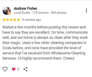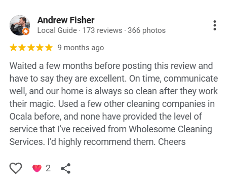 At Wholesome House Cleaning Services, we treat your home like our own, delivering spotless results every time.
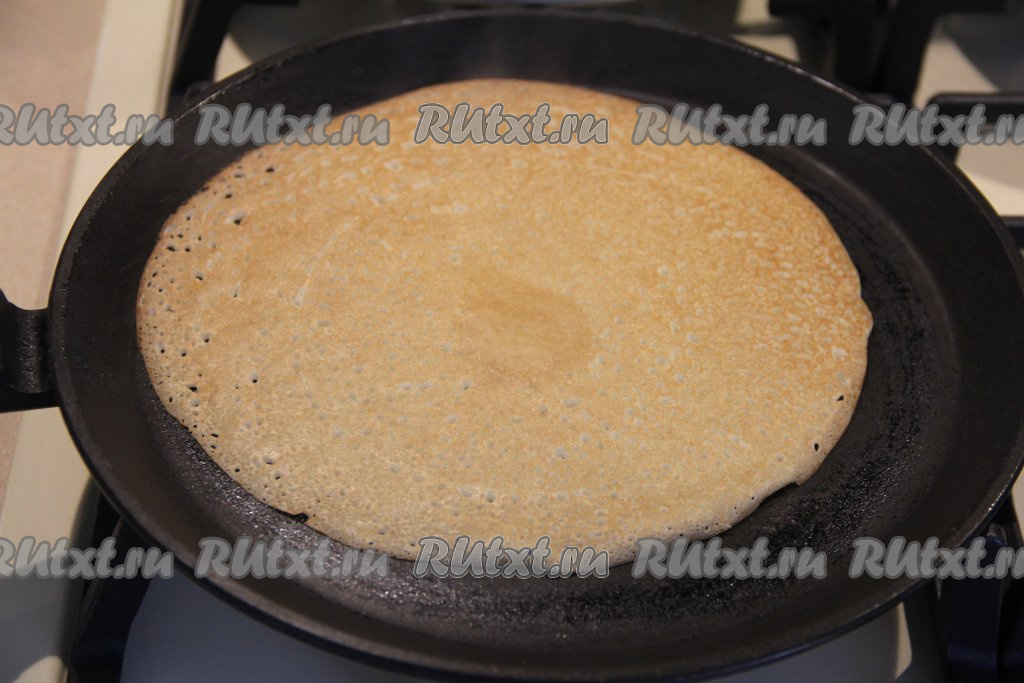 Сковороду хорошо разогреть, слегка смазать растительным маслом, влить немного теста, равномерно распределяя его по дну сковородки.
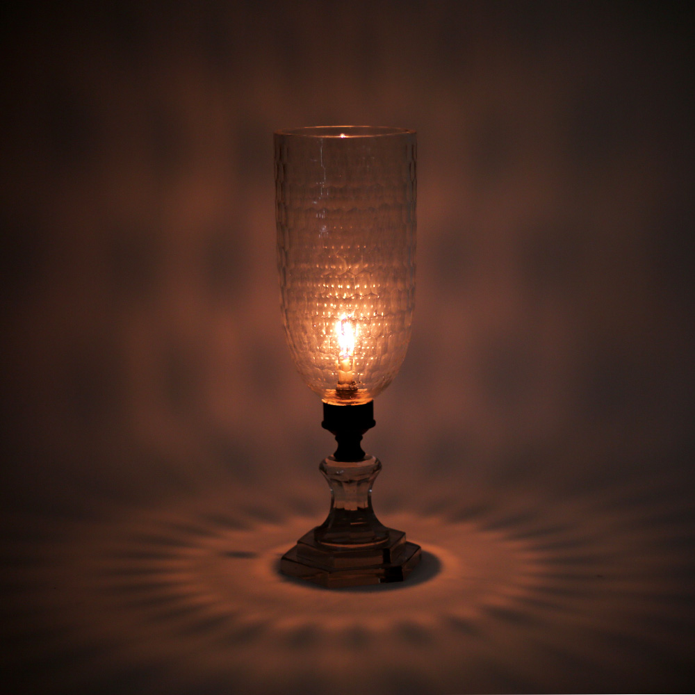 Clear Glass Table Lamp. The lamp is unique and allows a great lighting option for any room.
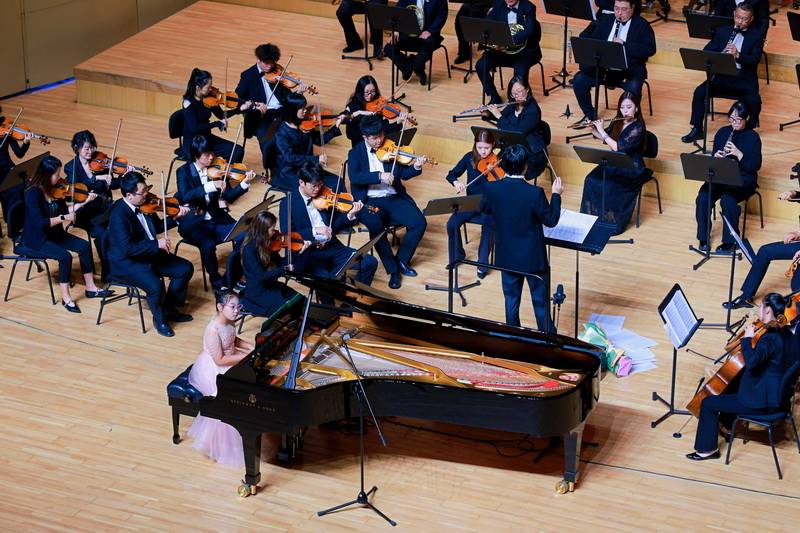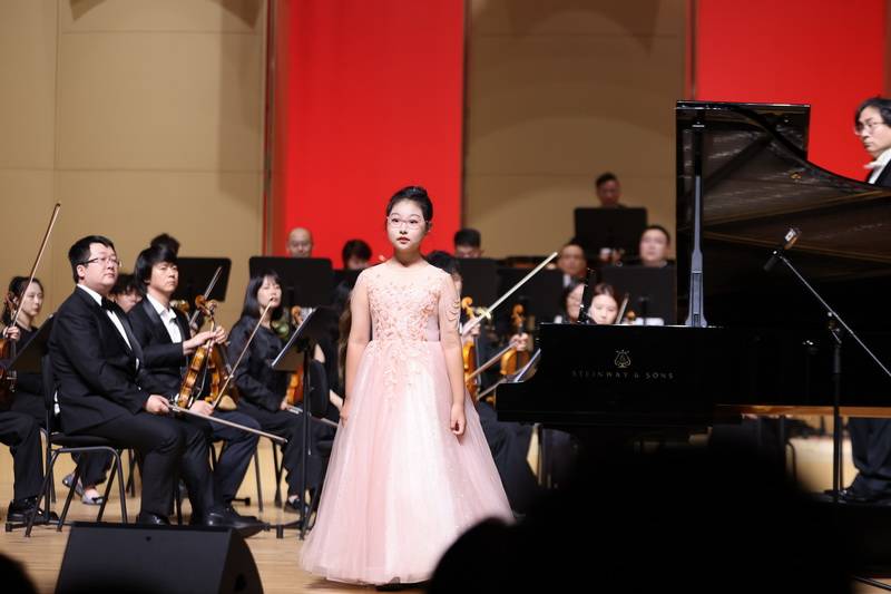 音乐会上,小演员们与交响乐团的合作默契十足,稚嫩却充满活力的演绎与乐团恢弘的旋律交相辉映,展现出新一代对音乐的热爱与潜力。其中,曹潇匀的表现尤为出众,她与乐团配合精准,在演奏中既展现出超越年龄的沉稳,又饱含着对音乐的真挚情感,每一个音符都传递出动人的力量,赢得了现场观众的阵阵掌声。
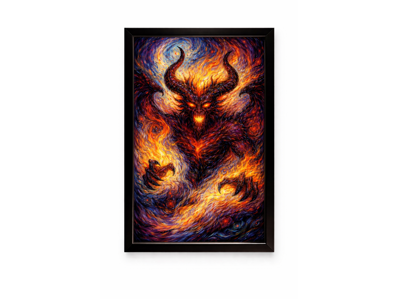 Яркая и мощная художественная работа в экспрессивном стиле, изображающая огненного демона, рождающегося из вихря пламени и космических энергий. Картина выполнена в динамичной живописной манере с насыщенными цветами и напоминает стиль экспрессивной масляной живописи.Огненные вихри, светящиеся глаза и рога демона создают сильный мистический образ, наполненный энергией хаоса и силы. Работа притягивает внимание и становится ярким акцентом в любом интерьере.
- - - -
PROBLEM DETAILS: Write out all of the data above exactly, pictures excluded.

WRITTEN REPLY:
 At Wholesome House Cleaning Services, we treat your home like our own, delivering spotless results every time.
 Сковороду хорошо разогреть, слегка смазать растительным маслом, влить немного теста, равномерно распределяя его по дну сковородки.
 Clear Glass Table Lamp. The lamp is unique and allows a great lighting option for any room.
 音乐会上,小演员们与交响乐团的合作默契十足,稚嫩却充满活力的演绎与乐团恢弘的旋律交相辉映,展现出新一代对音乐的热爱与潜力。其中,曹潇匀的表现尤为出众,她与乐团配合精准,在演奏中既展现出超越年龄的沉稳,又饱含着对音乐的真挚情感,每一个音符都传递出动人的力量,赢得了现场观众的阵阵掌声。
 Яркая и мощная художественная работа в экспрессивном стиле, изображающая огненного демона, рождающегося из вихря пламени и космических энергий. Картина выполнена в динамичной живописной манере с насыщенными цветами и напоминает стиль экспрессивной масляной живописи.Огненные вихри, светящиеся глаза и рога демона создают сильный мистический образ, наполненный энергией хаоса и силы. Работа притягивает внимание и становится ярким акцентом в любом интерьере.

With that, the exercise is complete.